Saturday of the 14th Week in Ordinary Time
Isaiah 6:1-8; 1 Peter 4:14; Matthew 10:24-33
My family and I had the good fortune of going on a pilgrimage to Italy. The churches we visited were, to say the least, breathtaking; each in its own way a masterpiece of art and architecture. It was easy to be overwhelmed by the splendor of it all.
While exploring one of them, I happened to look toward the main altar. A small group of people were gathered in a roped-off space. I assumed it was a tour group waiting for a talk to begin. When I looked back later, I saw that in fact it was people attending Mass. I suddenly realized that, wandering through that majestic space, I got lost in the outward beauty but forgot the deeper one. I was encountering art; they were encountering God.
As the first reading reminded us, the prophet Isaiah also encountered God, and its effect resounds to this day. Who can hear Holy, holy, holy is the LORD of hosts! All the earth is filled with his glory! and not think of the holy Mass? For the Mass, indeed every sacrament, is an encounter with the living God. Pope Francis made this clear when he wrote that Christ, the Incarnation, is Himself the “very method that the Holy Trinity has chosen to open to us the way of communion. Christian faith is either an encounter with Him alive, or it does not exist… We need to be present at that Supper, to be able to hear his voice, to eat his Body and to drink his Blood. We need Him. In the Eucharist and in all the sacraments we are guaranteed the possibility of encountering the Lord Jesus and of having the power of his Paschal Mystery reach us. The salvific power of the sacrifice of Jesus, his every word, his every gesture, glance, and feeling reaches us through the celebration of the sacraments.”1
We heard in the Old Testament readings this week forebodings of this encounter. On the one hand, God said to Israel through Hosea, I will allure her; I will lead her into the desert and speak to her heart (2:16); it is time to seek the LORD (10:12); I drew them with human cords, with bands of love; I fostered them like one who raises an infant to his cheeks (11:4); and finally, Return, Israel, to the LORD, your God… Take with you words, and return to the LORD (14:2-3). But on the other hand, we also heard Him say that Israel made idols for themselves (8:4); their heart is false (10:2); and the more I called them, the farther they went from me (11:2).

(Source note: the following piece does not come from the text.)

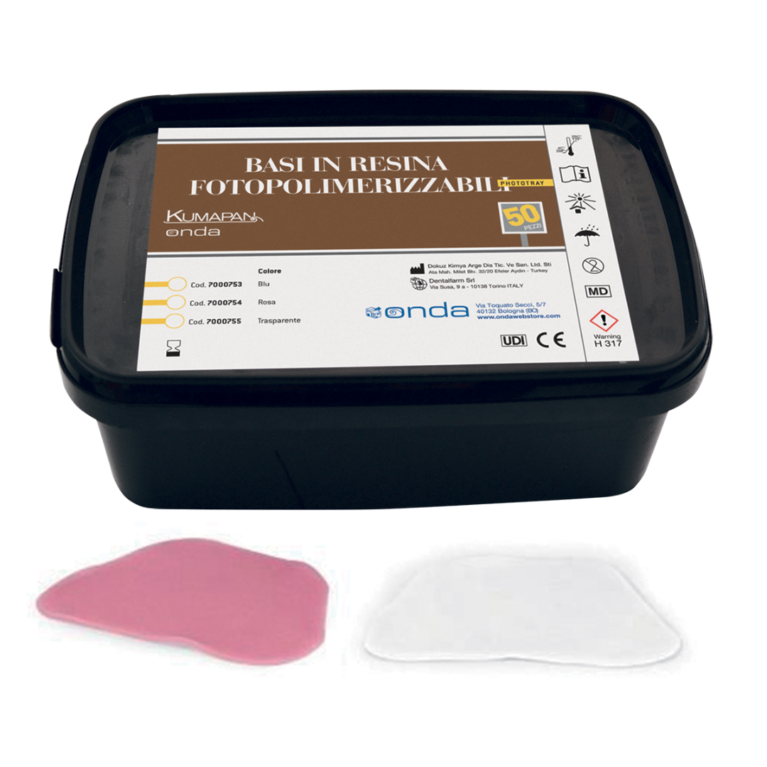 Resina fotosensibile in placche per la realizzazione di porta impronte individuali o parziali, basi per dentiere, masticoni di prova, blocchi occlusali e mascherine di fissaggio.

The pattern is clear: God seeks encounter, to share his love; we, to avoid. Why? Fear, mostly. It’s in our nature. God calls us to be holy – set apart – but we fear not fitting in. He calls us to speak truth in the open, but we are silent, fearing the challenge. He calls us to give ourselves completely to him, but we fear the loss of control. He calls us to the humility of service, but we fear giving up our pride. And where does this fear leave us?Empty, ashamed, hiding in the darkness of our sins, and afraid to open ourselves up to the all-seeing light of Christ.
But his light is also the perfect love that drives out fear (1 John 4:18). That is why Jesus urges his disciples to become like their Master, that His love will transform us. Our encounter with the living God in every sacrament is meant to bear witness to the transformative power of His love. Why else would Jesus say, What I say to you in the darkness, speak in the light; what you hear whispered, proclaim on the housetops (Matthew 10:27)? Aren’t the most loving words the ones so often spoken in the darkness, or whispered in our ears? The perfect love that drives out fear is the heart of our encounter with God in the liturgy, the love that is meant to evoke in us the same sense of humble self-surrender that Isaiah felt when he cried out, I am a man of unclean lips (Isaiah 6:5).
It was the loving and living word of God that cleansed him, the same one who comes to us and seeks to perfect in us the effect of that encounter: the Spirit of God who rests upon us (1 Peter 4:14), who moves us to speak in the light, to proclaim what God has whispered, and to say as Isaiah said, Here I am, send me!